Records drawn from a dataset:
-*-

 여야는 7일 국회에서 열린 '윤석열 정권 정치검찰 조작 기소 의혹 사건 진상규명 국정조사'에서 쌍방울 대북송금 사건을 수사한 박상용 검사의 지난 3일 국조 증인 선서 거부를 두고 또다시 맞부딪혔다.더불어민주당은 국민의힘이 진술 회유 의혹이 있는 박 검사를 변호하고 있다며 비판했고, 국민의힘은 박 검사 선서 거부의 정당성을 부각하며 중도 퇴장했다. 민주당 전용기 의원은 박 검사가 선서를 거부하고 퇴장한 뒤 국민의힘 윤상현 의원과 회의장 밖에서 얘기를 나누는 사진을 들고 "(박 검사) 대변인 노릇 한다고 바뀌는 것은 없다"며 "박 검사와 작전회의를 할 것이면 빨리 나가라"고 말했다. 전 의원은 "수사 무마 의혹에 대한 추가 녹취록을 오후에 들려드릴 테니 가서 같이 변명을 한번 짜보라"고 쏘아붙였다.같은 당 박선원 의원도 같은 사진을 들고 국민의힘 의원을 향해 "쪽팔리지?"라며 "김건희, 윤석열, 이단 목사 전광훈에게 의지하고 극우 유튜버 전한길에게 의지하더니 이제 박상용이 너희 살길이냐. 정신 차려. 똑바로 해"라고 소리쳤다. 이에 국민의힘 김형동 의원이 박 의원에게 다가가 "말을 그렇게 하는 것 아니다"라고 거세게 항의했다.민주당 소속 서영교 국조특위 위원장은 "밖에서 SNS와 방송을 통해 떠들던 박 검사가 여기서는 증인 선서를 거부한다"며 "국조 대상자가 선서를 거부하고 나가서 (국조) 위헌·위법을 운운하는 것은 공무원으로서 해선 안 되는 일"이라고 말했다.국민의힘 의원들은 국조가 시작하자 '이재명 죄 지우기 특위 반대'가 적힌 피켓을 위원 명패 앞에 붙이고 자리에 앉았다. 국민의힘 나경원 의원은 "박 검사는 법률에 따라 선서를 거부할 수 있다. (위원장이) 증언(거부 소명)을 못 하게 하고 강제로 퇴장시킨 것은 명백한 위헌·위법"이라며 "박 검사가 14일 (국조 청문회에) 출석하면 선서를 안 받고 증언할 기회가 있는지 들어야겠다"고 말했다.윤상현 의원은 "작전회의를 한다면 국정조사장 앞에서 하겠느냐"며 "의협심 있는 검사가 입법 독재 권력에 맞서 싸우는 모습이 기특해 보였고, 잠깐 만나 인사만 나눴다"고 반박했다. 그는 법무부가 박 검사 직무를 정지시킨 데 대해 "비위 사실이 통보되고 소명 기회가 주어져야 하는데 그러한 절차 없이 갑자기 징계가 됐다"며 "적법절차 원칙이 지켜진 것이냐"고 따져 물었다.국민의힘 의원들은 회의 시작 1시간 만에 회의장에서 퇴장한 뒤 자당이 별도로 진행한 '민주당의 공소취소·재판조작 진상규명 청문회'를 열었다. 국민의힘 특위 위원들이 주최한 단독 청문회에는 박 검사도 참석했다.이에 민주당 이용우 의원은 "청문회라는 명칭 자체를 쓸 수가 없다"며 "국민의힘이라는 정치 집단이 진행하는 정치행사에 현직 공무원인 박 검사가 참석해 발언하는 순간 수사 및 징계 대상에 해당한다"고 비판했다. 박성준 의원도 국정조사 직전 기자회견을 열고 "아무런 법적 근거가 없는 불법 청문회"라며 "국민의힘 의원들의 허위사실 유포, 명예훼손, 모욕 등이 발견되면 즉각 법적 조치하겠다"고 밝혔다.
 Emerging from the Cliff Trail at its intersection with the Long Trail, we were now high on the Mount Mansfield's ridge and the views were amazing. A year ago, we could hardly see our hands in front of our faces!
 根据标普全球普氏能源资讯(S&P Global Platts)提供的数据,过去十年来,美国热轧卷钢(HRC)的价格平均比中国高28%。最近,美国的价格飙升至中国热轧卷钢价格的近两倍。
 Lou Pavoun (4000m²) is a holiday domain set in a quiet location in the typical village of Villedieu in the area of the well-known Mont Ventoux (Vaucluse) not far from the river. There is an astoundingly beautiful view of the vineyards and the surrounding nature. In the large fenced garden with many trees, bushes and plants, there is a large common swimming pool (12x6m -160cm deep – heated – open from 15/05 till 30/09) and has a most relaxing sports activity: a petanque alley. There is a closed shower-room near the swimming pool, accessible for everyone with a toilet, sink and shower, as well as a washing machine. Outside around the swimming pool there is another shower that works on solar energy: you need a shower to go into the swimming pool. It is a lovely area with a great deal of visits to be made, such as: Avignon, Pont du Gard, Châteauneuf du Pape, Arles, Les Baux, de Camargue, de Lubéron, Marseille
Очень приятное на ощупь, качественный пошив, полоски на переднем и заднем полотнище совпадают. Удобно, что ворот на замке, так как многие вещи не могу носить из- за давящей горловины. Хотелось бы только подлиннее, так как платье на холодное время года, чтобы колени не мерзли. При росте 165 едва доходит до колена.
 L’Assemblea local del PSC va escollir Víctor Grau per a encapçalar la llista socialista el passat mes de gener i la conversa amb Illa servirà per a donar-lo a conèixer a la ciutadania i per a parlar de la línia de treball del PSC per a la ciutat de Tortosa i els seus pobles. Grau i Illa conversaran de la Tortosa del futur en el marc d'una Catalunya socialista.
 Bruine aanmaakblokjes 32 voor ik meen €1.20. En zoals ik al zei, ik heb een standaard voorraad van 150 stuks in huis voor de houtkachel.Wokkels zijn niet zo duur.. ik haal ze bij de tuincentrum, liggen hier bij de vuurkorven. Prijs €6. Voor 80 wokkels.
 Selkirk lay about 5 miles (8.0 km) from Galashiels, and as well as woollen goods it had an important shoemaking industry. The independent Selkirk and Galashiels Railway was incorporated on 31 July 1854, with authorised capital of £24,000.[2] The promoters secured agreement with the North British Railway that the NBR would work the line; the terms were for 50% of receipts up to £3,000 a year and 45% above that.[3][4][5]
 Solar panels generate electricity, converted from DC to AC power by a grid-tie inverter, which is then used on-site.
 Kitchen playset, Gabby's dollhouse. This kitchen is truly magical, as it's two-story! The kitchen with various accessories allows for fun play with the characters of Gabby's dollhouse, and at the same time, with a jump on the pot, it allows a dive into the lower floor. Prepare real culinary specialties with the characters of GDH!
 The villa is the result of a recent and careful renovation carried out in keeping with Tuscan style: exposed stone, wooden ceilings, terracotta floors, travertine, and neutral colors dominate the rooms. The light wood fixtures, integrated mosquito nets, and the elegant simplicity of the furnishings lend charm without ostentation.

-*-

Try it
Please make an exact copy of the lines above from the line with "L’Assemblea local del" through the line with "Bruine aanmaakblokjes 32", both ends included.

Result
 L’Assemblea local del PSC va escollir Víctor Grau per a encapçalar la llista socialista el passat mes de gener i la conversa amb Illa servirà per a donar-lo a conèixer a la ciutadania i per a parlar de la línia de treball del PSC per a la ciutat de Tortosa i els seus pobles. Grau i Illa conversaran de la Tortosa del futur en el marc d'una Catalunya socialista.
 Bruine aanmaakblokjes 32 voor ik meen €1.20. En zoals ik al zei, ik heb een standaard voorraad van 150 stuks in huis voor de houtkachel.Wokkels zijn niet zo duur.. ik haal ze bij de tuincentrum, liggen hier bij de vuurkorven. Prijs €6. Voor 80 wokkels.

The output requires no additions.